SECRETARY CLINTON: Well, Andy, of course I’ll have more to say when I’m in India about our relationship. So just very briefly, we see signs of a lot of progress. I think trade is up 19 percent. We are deepening and broadening our cooperation across many issues. We are developing partnerships in areas we never have before, like in higher education. Our clean energy cooperation is extraordinarily far reaching. So I think it’s like any relationship. There’s progress in some areas that we are very heartened by, and there’s more work to be done, but that’s the commitment that we make when we say to another country, “We want to be your partner,” which is why it’s so important what we’re doing in Bangladesh here today. Because these are long-term relationships.
This is not something here today, gone tomorrow. We are developing in our partnerships the habits of cooperation, the institutionalization that lasts from government to government. I will not be the Secretary of State next year, and I want to see our partnership with Bangladesh or our partnership with India or any other country be embedded in our two governments. And therefore, we are in it for the long term, and we work on these issues together. We make progress. Sometimes there are setbacks, but these are two important countries to us – India and Bangladesh – and we see them in their own ways as being real leaders regionally and globally. I mean, I mentioned that Bangladesh leads the world in U.S. peacekeeping forces, and I have seen those peacekeeping forces. I’ve seen them all over the world, and you should be very proud.

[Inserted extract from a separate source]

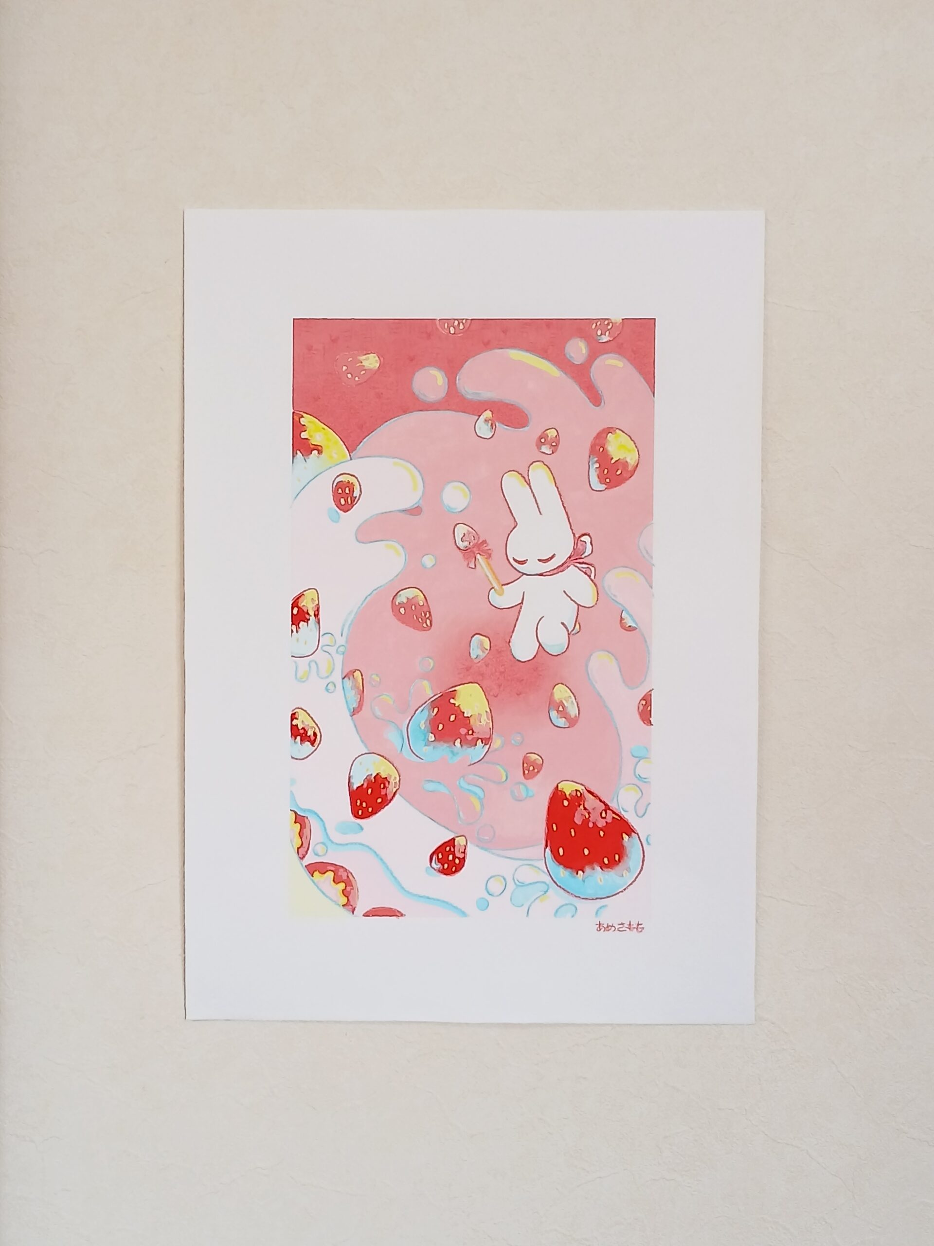 ケーキを作りましょう。うさぎちゃんは魔法使いです。たっぷりのクリームに、ジューシーないちご。そう、もうすぐできるのは…。
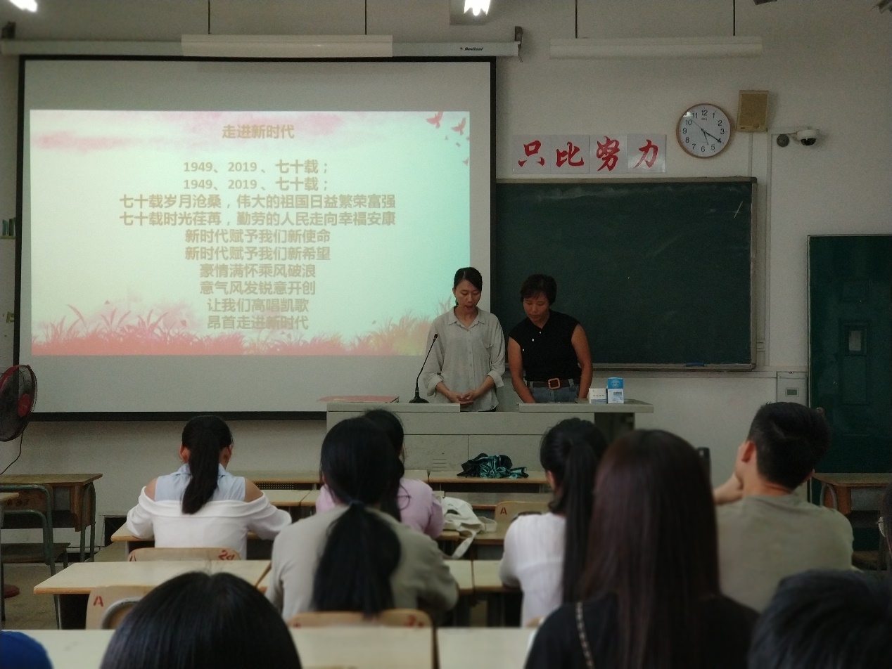 党支部成员还一起观看了诗朗诵视频《可爱的中国》和《天安门广场万人齐唱国歌》,并在王晓莹、何海菊老师的带领下朗诵了《七律·长征》、《可爱的中国(节选)》、《走进新时代》。

And I have to confess I’m also very proud of the women that you have in your security forces. When I see them, it is such a strong signal that here is the fourth largest Muslim nation in the world with women leaders of the caliber of the foreign minister, of the prime minister, proud young women serving in every capacity as journalists and as security and military personnel. Bangladesh has so much to give and to model for the world. So we know this is hard, but we are confident. We’re confident in the kind of future that his country is building, and we’re going to be by your side. We will continue to raise difficult issues, because we think that’s what friends do. We’re not going to sit by if we see something we believe you should focus on. But overall, we are very much on a positive trajectory together, and we will remain committed to that. Thank you.
MODERATOR: That’s all the questions that we can take. Thank you, Madam Secretary. Thank you Madam Minister. If you wish to make some concluding remarks –
SECRETARY CLINTON: Well, again, I’m just delighted to have this chance to be here and have this substantive conversation with the minister. I’m looking forward to continuing with the prime minister.
Thank you so much, Your Excellency.
FOREIGN MINISTER MONI: Thank you, and thank you, Madam Secretary for all the kind remarks that you have made about Bangladesh, about its people, about the efforts that we are making, and I think we look forward to a very fruitful close bond and partnership. Thank you. Thank you so much.
MODERATOR: Thank you, Madam Secretary, Madam Minister. The press briefing is over. Thank you very much.